= Task objective =
Could you retype the whole listing word for word and drop the images?

= Records provided =
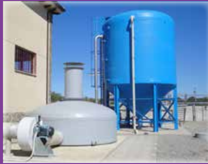
Deodorizing equipment 7000 m3 / h
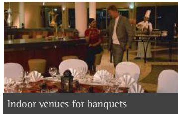
Indoor venues for banquets
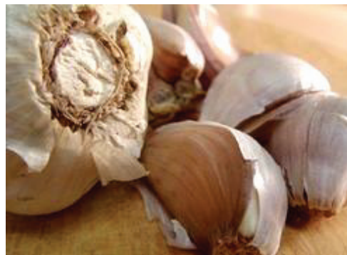
Fig. 5. Bulbs of garlic affected by bacteriosis

Bacteriosis. The disease is spread to garlic and onions, especially during storage of bulbs. The primary infection of the bulbs occurs in the field. Around the stem end of the affected bulb, a large, light or slightly pinkish spot forms (Fig. 5) [28].
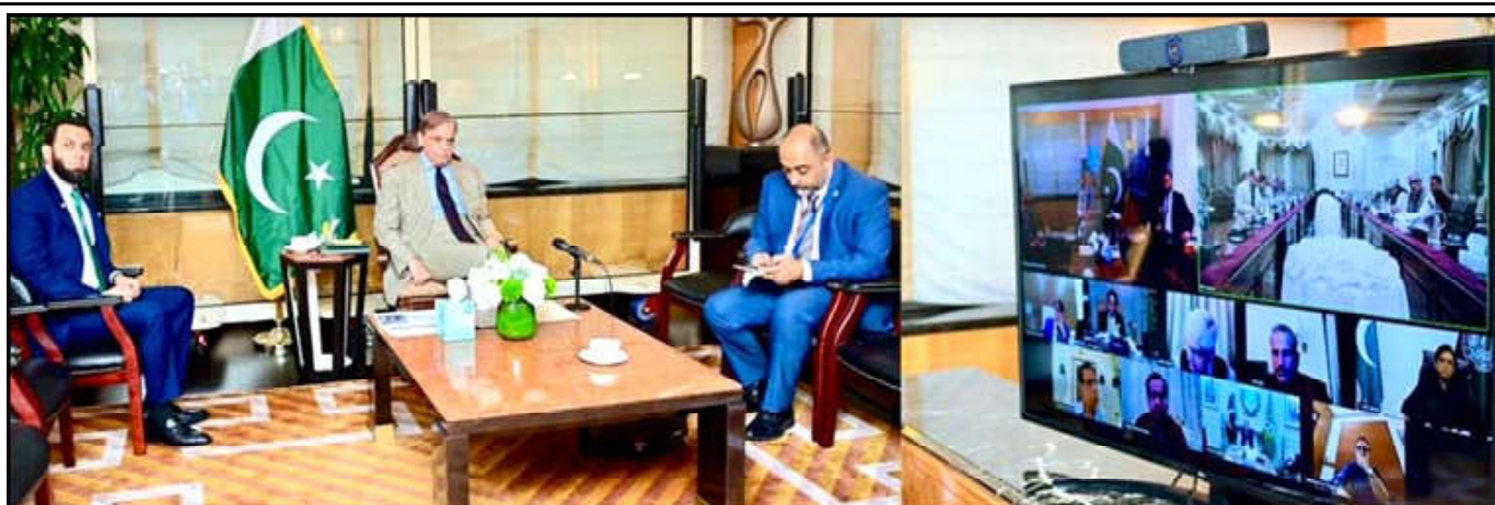
NEW YORK: Prime Minister Muhammad Shehbaz Sharif chairs a meeting to review damages and relief operations in the wake of recent floods.
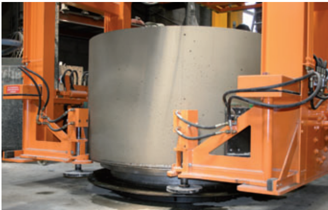
Detaching the support cap

The milling bay at Gammelrand also possesses two milling points. This enables the milling robot to work continuously without any downtimes due to changeovers. Whilst the robot is milling fully automatically at one station, the previously milled manhole base section is removed from the second point by the grab and a fresh concrete blank is placed in readiness. This means that one employee is sufficient to operate the entire milling process. Both the spigot end, which supports the concrete manhole base up to its final hardened state, as well as the processing stations in the milling bay are equipped with fastening points, which guarantee that the blank will be set
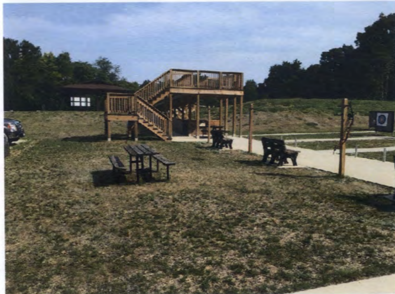
Deck for practicing elevated target shooting Busch Memorial Conservation Area Shooting Range
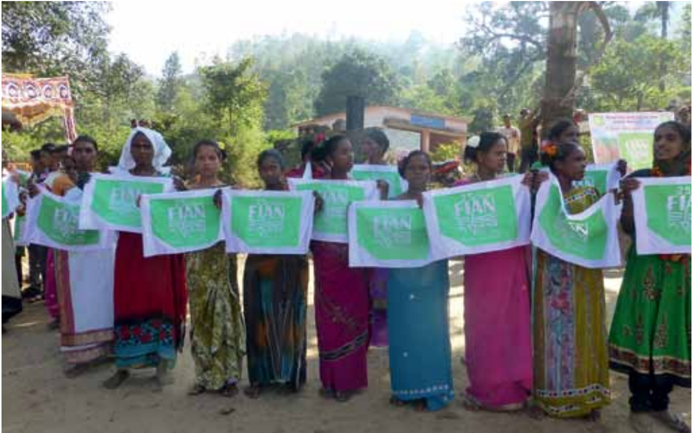
↑ Girls and women celebrating the 25 th anniversary of FIAN India—Araku Valley, India.
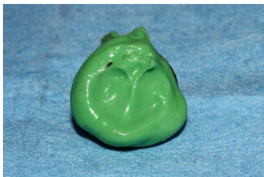
Fig 7: Impression of eye socket

= Completed exercise =
Deodorizing equipment 7000 m3 / h
Indoor venues for banquets
Fig. 5. Bulbs of garlic affected by bacteriosis

Bacteriosis. The disease is spread to garlic and onions, especially during storage of bulbs. The primary infection of the bulbs occurs in the field. Around the stem end of the affected bulb, a large, light or slightly pinkish spot forms (Fig. 5) [28].
NEW YORK: Prime Minister Muhammad Shehbaz Sharif chairs a meeting to review damages and relief operations in the wake of recent floods.
Detaching the support cap

The milling bay at Gammelrand also possesses two milling points. This enables the milling robot to work continuously without any downtimes due to changeovers. Whilst the robot is milling fully automatically at one station, the previously milled manhole base section is removed from the second point by the grab and a fresh concrete blank is placed in readiness. This means that one employee is sufficient to operate the entire milling process. Both the spigot end, which supports the concrete manhole base up to its final hardened state, as well as the processing stations in the milling bay are equipped with fastening points, which guarantee that the blank will be set
Deck for practicing elevated target shooting Busch Memorial Conservation Area Shooting Range
↑ Girls and women celebrating the 25 th anniversary of FIAN India—Araku Valley, India.
Fig 7: Impression of eye socket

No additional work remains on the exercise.